## What the exercise asks
Print exactly the line that contains "根據每個(gè)不(bù)同" along with every line beneath it to the end of the records below, and omit pictures.

* * *

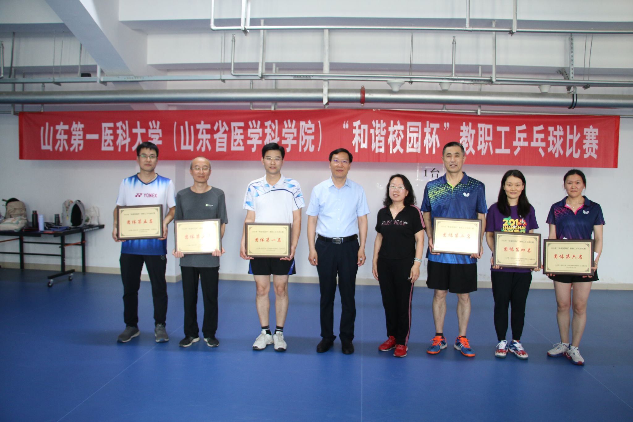 6月15日,由校(院)工会、通识教育部主办,教职工乒乓球协会承办的2023年“和谐校园杯”教职工乒乓球比赛在济南主校区乒乓球馆顺利结束。校(院)党委副书记吴向东观看了比赛,并为获奖选手颁奖。
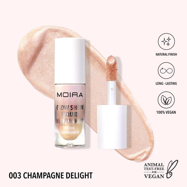 Moira's new Glow Show Liquid Highlighter is your ticket to radiant, luminous skin! This lightweight, buildable highlighter effortlessly blends onto the skin, leaving a dewy-like, soft finish. Available in a range of flattering shades, it delivers a natural-looking glow that enhances your features and gives you that coveted lit-from-within radiance. Whether you prefer a subtle sheen or a bold gleam, Glow Show Liquid Highlighters are your go-to for achieving that perfect glow.
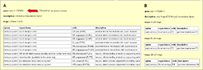 | The query of a single gene results in a tabulated report of expression patterns, which includes both temporal and spatial patterns. See figure 5 for examples. |
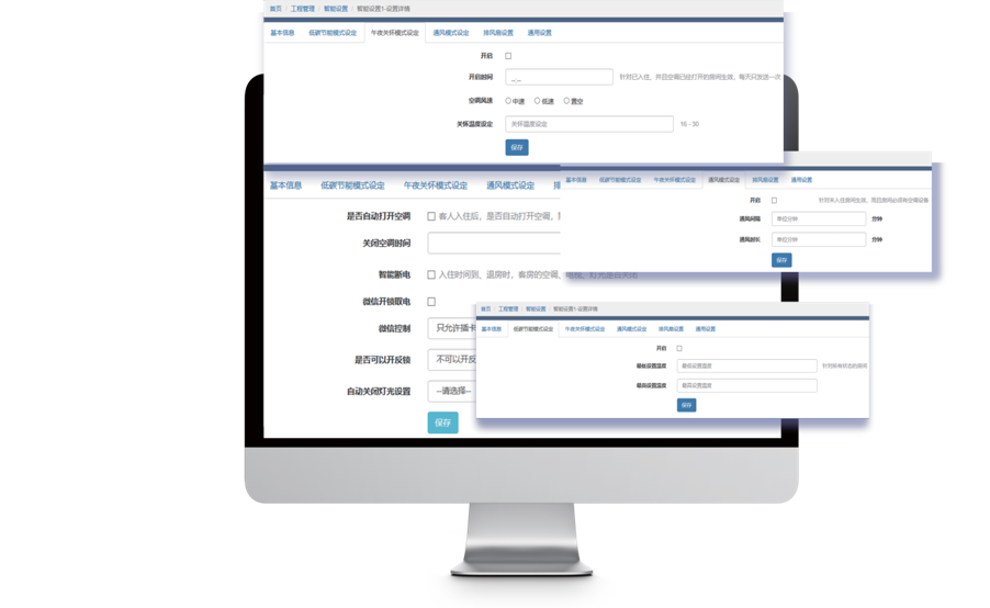 根據每個(gè)不(bù)同房(fáng)型可(kě)有(yǒu)針對(duì)性的(de)房(fáng)間(jiān)溫度設置最低(dī)和(h‌é)最高(gāo)閥值,當 設置溫度是(shì)超過閥值的(de)時(shí)候,系統自(zì)動歸位。
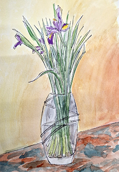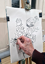 This untutored workshop produced some interesting studies of a variety of lovely spring flowers contributed by Members. These included daffodils, tulips, irises and hellebores. There were also interesting pots and vases to draw or paint and different groupings and layouts. One Member had brought along an old sextant to draw. Members worked in watercolours, acrylics and oils. Some images were bold and colourful, others delicate and detailed. This was a very enjoyable and relaxing evening and some Members took photos in order to complete their paintings later.
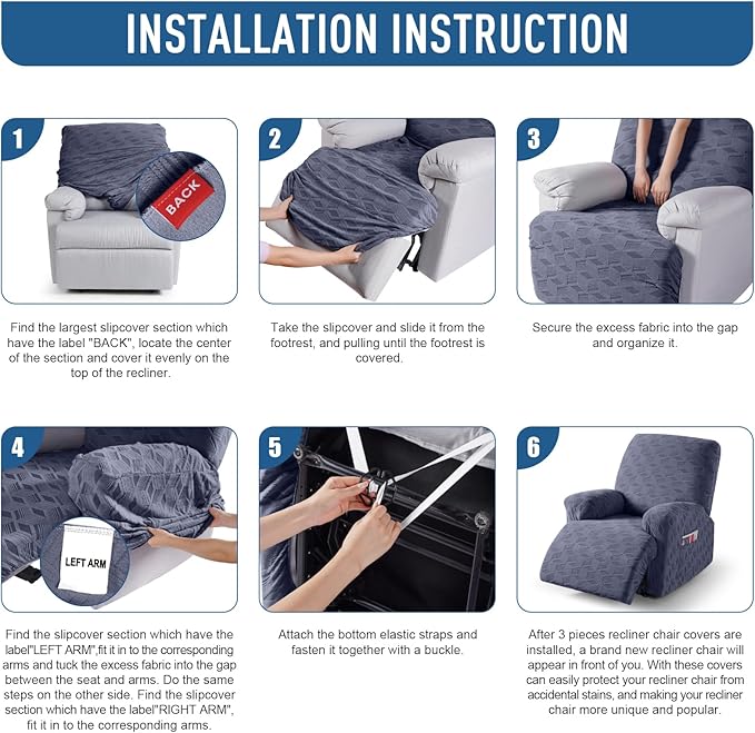 - KID AND PET FRIENDLY: Ideal for homes with children and pets, the reclining couch covers feature bottom elastic and anti-slip buckles to keep them in place, providing an extra layer of protection for your furniture

* * *

## Solution to this exercise
 根據每個(gè)不(bù)同房(fáng)型可(kě)有(yǒu)針對(duì)性的(de)房(fáng)間(jiān)溫度設置最低(dī)和(h‌é)最高(gāo)閥值,當 設置溫度是(shì)超過閥值的(de)時(shí)候,系統自(zì)動歸位。
 This untutored workshop produced some interesting studies of a variety of lovely spring flowers contributed by Members. These included daffodils, tulips, irises and hellebores. There were also interesting pots and vases to draw or paint and different groupings and layouts. One Member had brought along an old sextant to draw. Members worked in watercolours, acrylics and oils. Some images were bold and colourful, others delicate and detailed. This was a very enjoyable and relaxing evening and some Members took photos in order to complete their paintings later.
 - KID AND PET FRIENDLY: Ideal for homes with children and pets, the reclining couch covers feature bottom elastic and anti-slip buckles to keep them in place, providing an extra layer of protection for your furniture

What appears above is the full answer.